Jon by Ellen Dubin Photography
JB: My guest today is Jon Reiner, author of The Man Who Couldn't Eat : A Memoir.
Welcome to OpEdNews, Jon. In 2010, you won the James Beard Foundation for Magazine Feature Writing. Your 2009 essay in Esquire by the same name later evolved into this book, published in September 2011. Wasn't it a bit unorthodox that the James Beard Foundation honored you for writing something that, rather than celebrating food in all its glory, dwelled primarily on food's assault on you and your inability to eat anything at all?
JR: Thank you for the opportunity to share my story with OpEdNews. When my Esquire editor, Mark Warren, contacted me after the James Beard Foundation Awards were announced and exclaimed, "We won!" it served as the commemorative start of a fruitful period of wonderful irony. I never intended this, but I have become the anti-food food writer.
It's a specialized niche; I am the only member, so we always have a quorum at the group meetings. Yes, it has all been extraordinarily unorthodox, but that's of a piece with the arc of my writing career. If you enjoy irony, this one has been the laugh that keeps on going. Recently, I was invited to be a keynote speaker at a food symposium, called MAD 2013, in Copenhagen this coming August. The symposium is led by Rene Redzepi, who is the chef at Restaurant Noma there, one of the top restaurants in the world. The other keynoters are all celebrated chefs and industry professionals. It's astonishing.
JB: It is! You've had a chronic case of Crohn's disease for years. And then, on top of it, you endured a botched emergency surgery that almost killed you. That's the basis of your book. And beyond telling that story, it also focuses an awful lot on food, most of which you couldn't or shouldn't eat. Have you thought about why and how food is so central to our experience, how we define ourselves and live our lives?
JR: Remember the old Joni Mitchell line, "You don't know what you've got till it's gone." That's a good starting point to explain my relationship with food and how it manifested itself in the writing process. Before I went through the months of Nothing-By-Mouth that prompted The Man Who Couldn't Eat, I never considered writing about food, which was odd both because it had become so prevalent in literature and because I was a voracious eater, a flavor fiend. And, I must confess, months into my food deprivation, the notion of telling the story of a profound episode through the absence of and craving for food still didn't occur to me.

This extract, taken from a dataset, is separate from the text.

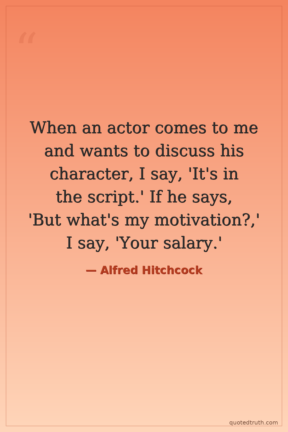 When an actor comes to me and wants to discuss his character, I say, 'It's in the script.' If he says, 'But what's my motivation?,' I say, 'Your salary.'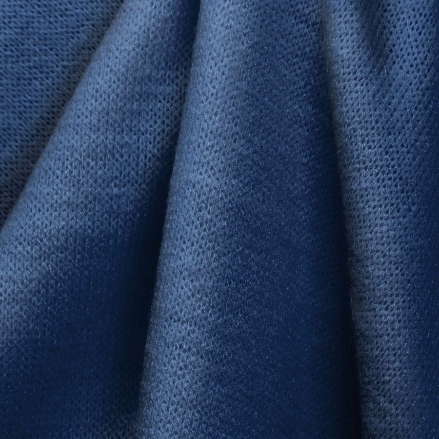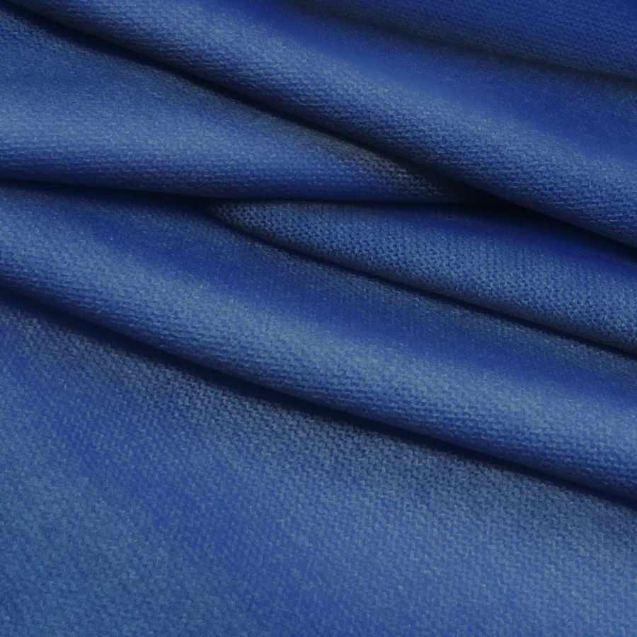 O tecido base deste tecido é o Punto Jersey de Toque de Algodão - Atenas, com uma composição de 81% poliéster, 15% acrílico e 4% elastano. Seu peso é de 239 gr/m2 e tem uma largura de 150 cm. Quanto à cor, trata-se de um azul intenso e vibrante, semelhante ao lápis-lazúli, com um CMYK de 100 80 29 13 e uma mistura de tinta ciano, magenta, amarela e preta. Esta cor secundária é muito versátil e combina especialmente bem com tons mais claros como o branco, o creme ou o bege, mas também com cores mais escuras como o preto, o cinza ou o marrom.

During a hospital visit, my editor suggested to me the idea of writing about what it's like not to be able to eat. In my state -- miserable and despondent -- it took me a while to wrap my head around the concept. Eventually, when I started writing, the story became unstoppable. Food, in all of its dynamic elements -- taste, craving, appetite, smell, sense memory, psychology, family dynamics, occasion, history, culture, politics, economics -- offered a conceit that was as rich as anything I'd tried in my writing before. Food's universality enabled me to tell a story of personal trauma without worrying "Who's going to care?' Food is as essential as breathing, and, at the risk of putting too fine a point on it, it gave me breath as a writer. It sustained my storytelling.
JB: How did serious and chronic illness affect your family? Your marriage? Your relationship with your kids? Your thoughts about yourself?
JR: Before I get to this, I see that Michele Bachmann said that people who are unemployed should starve. I recognize now that The Man Who Couldn't Eat isn't about illness; it's about unemployment.
JB: She'll change her tune as soon as she finds herself jobless.
JR: One can only hope that reason will penetrate the cranium of the not-soon-enough-ex-Representative from Mars. On the other hand, I just received a Tweet from a reader that stated: "The other day I spent my last 30 pounds [currency] on face paint and glitter. Now I can't afford food." In this case, the congresswoman might have a point.
Regarding your question about the impact of illness on me and my family, it's no picnic. During the period of The Man Who Couldn't Eat, my health-related encumberments and limitations isolated me physically, the Nothing-By-Mouth regimen isolated me socially, and the depression of declining health isolated me psychologically. I was a stay-at-home dad of two school-age children who was no longer capable of providing for their many daily needs.